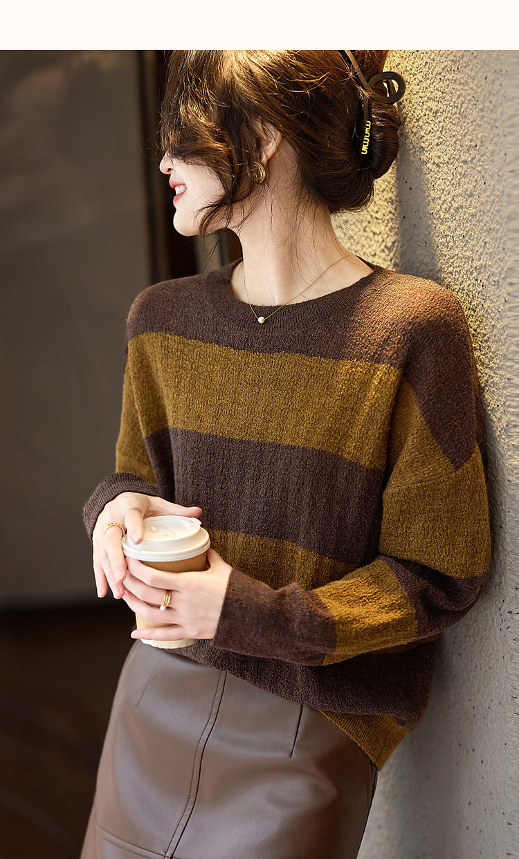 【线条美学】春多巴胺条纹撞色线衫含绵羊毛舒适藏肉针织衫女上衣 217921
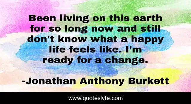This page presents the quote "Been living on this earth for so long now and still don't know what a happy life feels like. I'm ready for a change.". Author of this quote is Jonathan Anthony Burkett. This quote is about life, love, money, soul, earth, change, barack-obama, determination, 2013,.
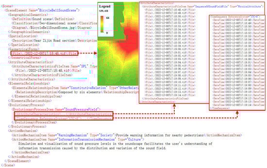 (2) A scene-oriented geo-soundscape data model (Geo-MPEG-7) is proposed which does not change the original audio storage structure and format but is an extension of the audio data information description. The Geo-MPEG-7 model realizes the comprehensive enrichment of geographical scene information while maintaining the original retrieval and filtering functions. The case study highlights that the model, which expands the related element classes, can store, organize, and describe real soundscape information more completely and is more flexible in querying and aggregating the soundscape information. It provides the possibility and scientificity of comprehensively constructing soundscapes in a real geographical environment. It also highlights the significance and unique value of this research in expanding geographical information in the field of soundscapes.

What to work on | Word for word, restate each line above, minus its pictures.

The completed task |
 【线条美学】春多巴胺条纹撞色线衫含绵羊毛舒适藏肉针织衫女上衣 217921
This page presents the quote "Been living on this earth for so long now and still don't know what a happy life feels like. I'm ready for a change.". Author of this quote is Jonathan Anthony Burkett. This quote is about life, love, money, soul, earth, change, barack-obama, determination, 2013,.
 (2) A scene-oriented geo-soundscape data model (Geo-MPEG-7) is proposed which does not change the original audio storage structure and format but is an extension of the audio data information description. The Geo-MPEG-7 model realizes the comprehensive enrichment of geographical scene information while maintaining the original retrieval and filtering functions. The case study highlights that the model, which expands the related element classes, can store, organize, and describe real soundscape information more completely and is more flexible in querying and aggregating the soundscape information. It provides the possibility and scientificity of comprehensively constructing soundscapes in a real geographical environment. It also highlights the significance and unique value of this research in expanding geographical information in the field of soundscapes.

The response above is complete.